The word costs more than it should.

He does not gloat. Somehow, that makes it worse.

I bring up the full integrity scan. “Hull spine intact. Shield lattice recovering. Port vane heat damage within repairable range. Ballast regulation compromised but functional. Drive coil alignment stable. No atmosphere loss. No critical breach.”

“Your ship held,” he says.

“Yes.”

“She held through something you didn’t predict.”

I look at the trembling diagnostic lines, the stressed but living systems, the stubborn green returning one by one after thered. My hands ache from gripping the controls. My cheek throbs again. My throat tastes of copper and fear I will not name.

“Yes,” I say again.

Dux leans back carefully, as though sudden movement might offend the ship. “Good design.”

The praise enters quietly.

I cannot dismiss it with sarcasm fast enough.

“Good pilot too,” he adds.

My fingers resume moving across the console. “You identified the wake.”

“You asked.”

“You answered correctly.”

“Careful, Commander. That almost sounded like approval.”

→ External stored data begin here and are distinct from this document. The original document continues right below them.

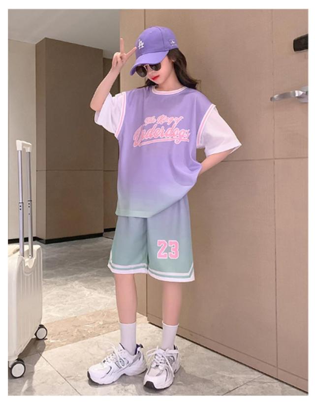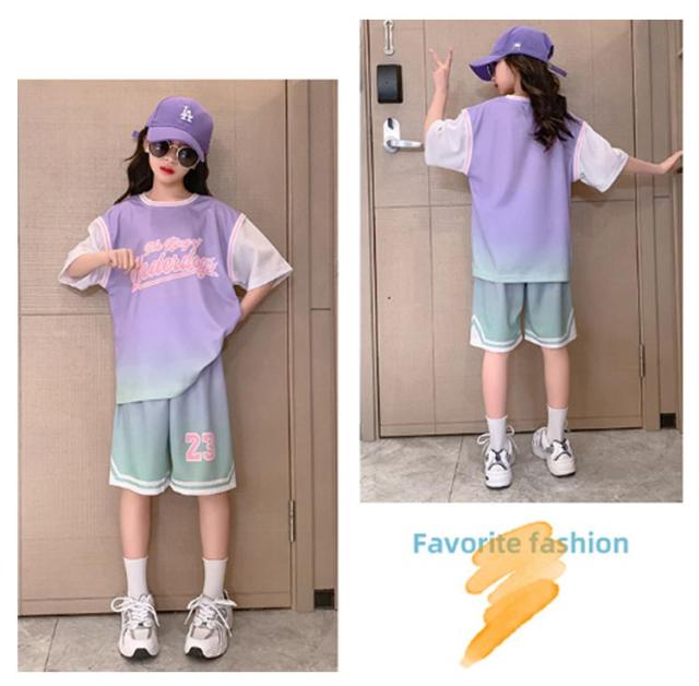 ユニフォーム 団体服 スポーツ用 上下2点セット パープル バスケットボールウエア ピンク 女の子 半袖 速乾 スポーツ用 ハーフパンツ 吸汗 ジュニア 演出服 スポーツウエア トレーニングウエア Tシャツ セットアップ 練習着 120cm 130cm 140cm 150cm 160cm 170cm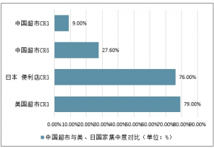 中國超市與美、日國家集中度對比(單位:%)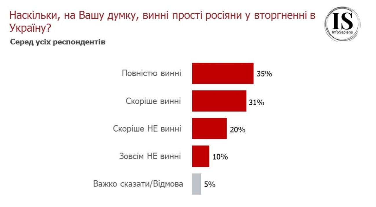 Також 66% українців вважають, що прості росіяни винні в збройній агресії, а 30% – що не винні.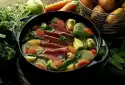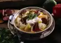 Add 1 litre of water and wine while stirring, bring to the boil once. Stir in broth and thyme. Let simmer for 6-8 minutes. Add bacon, meat, cream and crème fraîche, bring to the boil. Season to taste with salt and pepper. Serve garnished with thyme and parsley
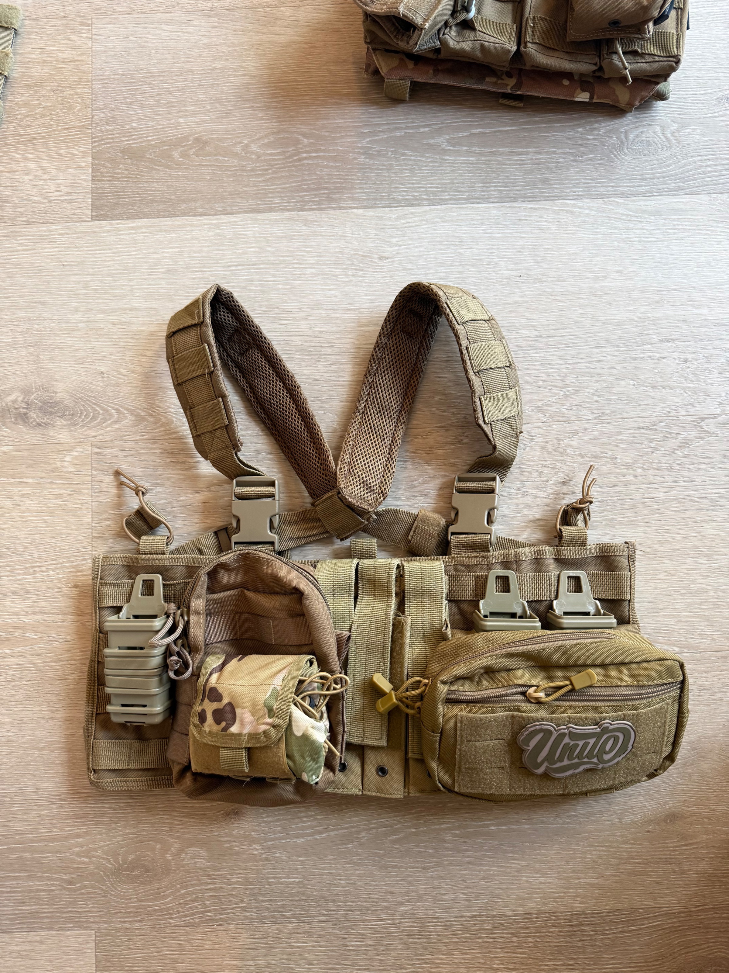 Lichte en functionele chest rig setup, ideaal voor CQB en speedsoft. Compact, overzichtelijk en direct inzetbaar zonder overbodige bulk.

“It was a performance note.”

“Positive?”

“Do not ruin it.”

His smile appears faintly, but it does not mock. “Wouldn’t dream of it.”

I update the model with the anomaly data. The route ahead shifts, no longer the clean thread I built from years of work, but something messier, more provisional, alive with fresh danger. I should be angry. I am angry. But beneath that anger is a hard, uncomfortable fact.

I did not plan for that.

I survived it anyway.

Not alone.

The thought is intolerable enough that I immediately archive it for later examination under emotional quarantine.

Dux watches me from the secondary station, too large for the chair, too sharp for my comfort, too quiet for a man who has spent hours making noise out of every available silence.

“You all right?” he asks.

I do not look at him. “I am functional.”